- Born: May 1, 1965 (age 61) Alabaster, Alabama, U.S.

NASCAR Craftsman Truck Series career
- 1 race run over 1 year
- 2017 position: 72nd
- Best finish: 72nd (2017)
- First race: 2017 Chevrolet Silverado 250 (Mosport)
| Wins | Top tens | Poles |
| 0 | 0 | 0 |

= Joe Hudson (racing driver) =

American racing driver (born 1965)

Joe Hudson (born May 1, 1965) is an American professional stock car racing driver.
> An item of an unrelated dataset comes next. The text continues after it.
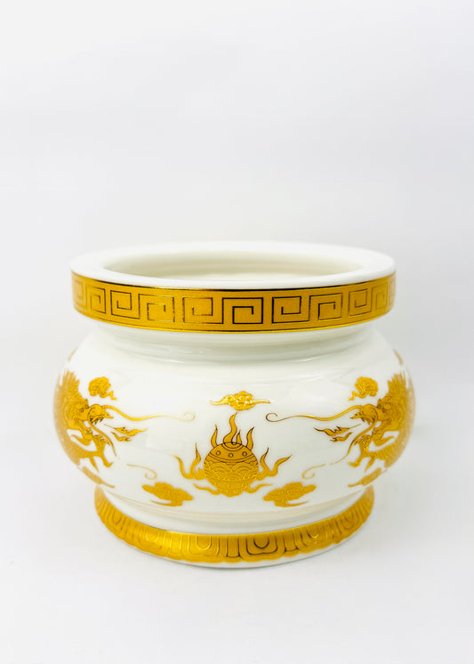 Imperial Two Dragons & Flaming Pearl – Incense Holder Pot – Ceramic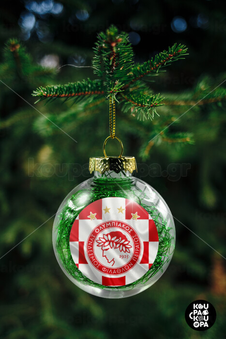 Olympiakos flag, Transparent Christmas tree ball ornament with green filling 8cm

He last competed part-time in the Camping World Truck Series, driving the No. 74 Chevrolet Silverado for Mike Harmon Racing.

==Racing career==

===Camping World Truck Series===
Hudson made his first and only Camping World Truck Series start at Canadian Tire Motorsport Park, driving the No. 74 truck for Mike Harmon Racing. He started 32nd and finished 27th after a brake failure.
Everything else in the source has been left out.